Years ago, my husband used to run a coffee shop. They sold 900-calorie coffee drinks, as well as sandwiches, salads, and snacks.
Customers would often quiz him on the offerings, as they decided what to eat or drink. They’d ask him about sizing, or how it tasted, but far more often, they’d ask him, Is it healthy?
His answer was always the same: That depends on what you consider “healthy.”
Not everyone has the same definition of what healthy means, or what healthy habits look like. The dictionary says health is “being free from disease,” but my standards are higher. I don’t want to just avoid sickness, but to feel good.
While some things are blatantly unhealthy, much of good health is subjective. What’s perfectly healthy for me might make you feel blah, and vice versa. The only way to figure out what works for you is through trial and error (and, if you’re lucky, with some feedback from a doctor, or trainer, or nutritionist).

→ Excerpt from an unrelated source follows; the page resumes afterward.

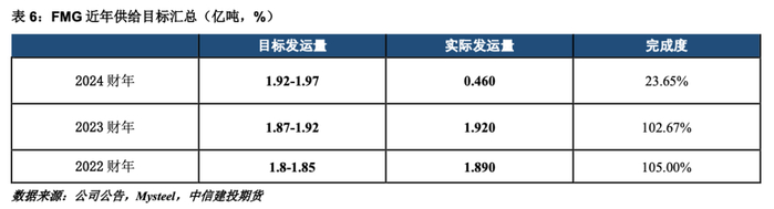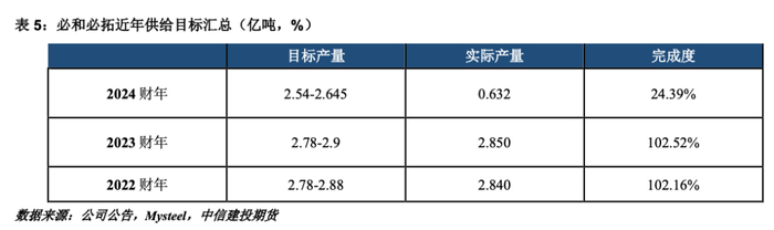4、必和必拓近年产能扩张项目主要为南坡矿,于2021年5月首次生产,目前处于产能爬坡阶段,预计2024年6月全面达产,将新增产能650万吨。在产量目标方面,必和必拓预计产量为2.54-2.645亿吨,按区间中值计算,目前已完成2024财年产量指导目标的24.39%。

For me, healthy looks like a good foundation: good food, good sleep, lots of movement.
When it comes to food, healthy looks like high protein, high fat, low sugar, no artificial sweeteners. (My healthy-for-me food choices would earn me a scolding from many of my husband’s former customers.) But after years of trial and error and blood work, I know that I’m prone to hypoglycemia, and that kind of food keeps my blood sugar stable. Artificial sweeteners make me rabidly crave sugar, so I lay off them.
I ate too many carbs on vacation, and then I got sick, because that stuff wasn’t healthy for me. I’ve reined in my eating habits this past week, and I’ve felt much better.
(My kids eat a lot more carbs than I do, and that’s fine. That’s their healthy.)
When it comes to sleep, I need a bunch. I wish I were one of those people who only needed 6 hours a night, but I need 7.5-8 or bad things happen.
Healthy looks like building rest into my life. Not just sleep, but rest.
I need exercise, and by now I have a good idea of what kind I enjoy and what kind I dread. (Your preferences are probably different, and that’s great.) I need movement, too—not just the kind that builds muscle or makes me sweat. When I get busy, exercise tends to be the thing I drop first. Not activity (I’m pretty good about getting my 10,000 steps), but exercise. So I skip it, and then I don’t feel good. Not healthy.
I need daylight: the natural kind when I can but the happy light kind when I can’t. When we moved last year, we looked for a place with big windows facing east and south. And though I crave daylight, my skin hates the sun: I’ve accepted that my skin and intense sunlight are never going to be on good terms. Healthy looks like acting accordingly.
I wasn’t born knowing these things, and my idea of what healthy habits look like—for me—will probably change as the years go by. (If you figured out what your body needed in your teens or twenties, I applaud you. I wasn’t that smart.)
Healthy is often something we look for “out there”—like it’s just one thing, and we can have it.
I did CrossFit for years. I have mixed feelings about it, but I’m very grateful for one big takeaway: your body is yours, it’s unique, and you need to tinker until you figure out what works for you. If you can experiment and pay attention, you can know your body and learn how to treat it right.